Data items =
====
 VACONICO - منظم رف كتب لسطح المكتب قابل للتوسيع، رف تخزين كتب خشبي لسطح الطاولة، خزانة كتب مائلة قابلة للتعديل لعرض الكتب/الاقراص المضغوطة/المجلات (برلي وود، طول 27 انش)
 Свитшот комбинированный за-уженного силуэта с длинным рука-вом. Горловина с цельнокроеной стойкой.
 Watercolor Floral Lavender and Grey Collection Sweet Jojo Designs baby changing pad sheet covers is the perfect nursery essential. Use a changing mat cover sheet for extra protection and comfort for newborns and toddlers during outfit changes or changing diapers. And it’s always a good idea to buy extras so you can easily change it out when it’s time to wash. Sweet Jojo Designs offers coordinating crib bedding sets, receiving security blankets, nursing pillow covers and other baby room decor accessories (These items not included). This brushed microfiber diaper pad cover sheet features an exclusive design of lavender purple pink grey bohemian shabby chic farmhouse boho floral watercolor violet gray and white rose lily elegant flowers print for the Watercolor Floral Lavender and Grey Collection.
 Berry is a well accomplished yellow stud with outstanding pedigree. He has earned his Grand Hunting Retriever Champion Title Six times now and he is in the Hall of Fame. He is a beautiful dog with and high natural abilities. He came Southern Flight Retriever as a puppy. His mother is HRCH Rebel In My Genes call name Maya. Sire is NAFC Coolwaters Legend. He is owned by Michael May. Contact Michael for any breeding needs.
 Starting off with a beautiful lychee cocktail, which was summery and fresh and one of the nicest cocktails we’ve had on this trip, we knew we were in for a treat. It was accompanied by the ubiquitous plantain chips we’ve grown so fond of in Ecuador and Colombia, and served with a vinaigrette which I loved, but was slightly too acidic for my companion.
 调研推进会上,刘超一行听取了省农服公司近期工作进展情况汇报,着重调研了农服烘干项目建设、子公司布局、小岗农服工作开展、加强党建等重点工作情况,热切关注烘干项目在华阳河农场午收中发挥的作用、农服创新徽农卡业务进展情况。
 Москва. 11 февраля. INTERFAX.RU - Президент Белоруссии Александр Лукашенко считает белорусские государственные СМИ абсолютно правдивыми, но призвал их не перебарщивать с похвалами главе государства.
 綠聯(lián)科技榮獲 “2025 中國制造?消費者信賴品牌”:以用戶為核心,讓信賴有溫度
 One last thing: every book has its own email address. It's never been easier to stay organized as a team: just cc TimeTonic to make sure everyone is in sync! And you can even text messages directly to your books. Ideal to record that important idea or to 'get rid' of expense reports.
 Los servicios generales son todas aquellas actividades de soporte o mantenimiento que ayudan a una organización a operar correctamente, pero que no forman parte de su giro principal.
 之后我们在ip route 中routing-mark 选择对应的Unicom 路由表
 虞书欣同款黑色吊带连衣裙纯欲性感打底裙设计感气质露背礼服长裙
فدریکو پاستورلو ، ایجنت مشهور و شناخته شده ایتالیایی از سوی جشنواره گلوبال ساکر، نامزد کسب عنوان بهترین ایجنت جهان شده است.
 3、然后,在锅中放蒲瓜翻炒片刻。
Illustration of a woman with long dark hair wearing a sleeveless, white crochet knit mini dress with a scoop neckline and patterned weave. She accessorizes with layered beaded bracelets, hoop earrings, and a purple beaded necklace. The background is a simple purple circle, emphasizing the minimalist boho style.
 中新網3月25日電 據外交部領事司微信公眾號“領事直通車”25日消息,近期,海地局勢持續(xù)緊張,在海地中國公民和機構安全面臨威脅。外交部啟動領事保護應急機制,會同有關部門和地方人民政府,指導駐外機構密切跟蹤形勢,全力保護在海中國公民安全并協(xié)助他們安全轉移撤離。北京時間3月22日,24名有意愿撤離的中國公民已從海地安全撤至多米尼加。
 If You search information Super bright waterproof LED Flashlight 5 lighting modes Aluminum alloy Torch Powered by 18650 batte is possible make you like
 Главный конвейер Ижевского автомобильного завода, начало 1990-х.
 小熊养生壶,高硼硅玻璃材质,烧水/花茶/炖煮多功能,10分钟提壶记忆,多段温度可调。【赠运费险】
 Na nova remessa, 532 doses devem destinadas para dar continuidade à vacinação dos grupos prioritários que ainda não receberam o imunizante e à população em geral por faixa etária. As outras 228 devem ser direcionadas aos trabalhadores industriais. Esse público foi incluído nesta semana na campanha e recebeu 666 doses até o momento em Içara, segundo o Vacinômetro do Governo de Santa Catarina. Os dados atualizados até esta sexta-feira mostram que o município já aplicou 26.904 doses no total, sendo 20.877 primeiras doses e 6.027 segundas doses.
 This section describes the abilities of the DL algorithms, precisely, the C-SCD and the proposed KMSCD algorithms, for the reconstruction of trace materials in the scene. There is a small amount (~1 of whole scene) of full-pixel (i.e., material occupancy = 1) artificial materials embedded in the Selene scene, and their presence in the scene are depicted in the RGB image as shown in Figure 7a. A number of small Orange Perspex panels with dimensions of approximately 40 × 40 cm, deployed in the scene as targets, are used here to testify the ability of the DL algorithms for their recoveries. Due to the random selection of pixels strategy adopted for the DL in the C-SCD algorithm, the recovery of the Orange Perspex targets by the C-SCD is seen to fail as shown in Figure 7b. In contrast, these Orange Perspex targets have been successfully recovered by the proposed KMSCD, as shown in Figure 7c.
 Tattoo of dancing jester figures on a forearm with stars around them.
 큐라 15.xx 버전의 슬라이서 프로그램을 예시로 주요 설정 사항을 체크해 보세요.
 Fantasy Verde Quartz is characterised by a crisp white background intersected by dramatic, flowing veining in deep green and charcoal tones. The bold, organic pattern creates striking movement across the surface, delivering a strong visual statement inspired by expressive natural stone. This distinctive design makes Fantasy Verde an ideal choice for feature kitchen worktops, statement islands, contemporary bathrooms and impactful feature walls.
====
From the first line of the records above down to the line containing "Свитшот комбинированный за-уженного", repeat each line exactly as written. Include both of those lines and add nothing.

Written answer =
 VACONICO - منظم رف كتب لسطح المكتب قابل للتوسيع، رف تخزين كتب خشبي لسطح الطاولة، خزانة كتب مائلة قابلة للتعديل لعرض الكتب/الاقراص المضغوطة/المجلات (برلي وود، طول 27 انش)
 Свитшот комбинированный за-уженного силуэта с длинным рука-вом. Горловина с цельнокроеной стойкой.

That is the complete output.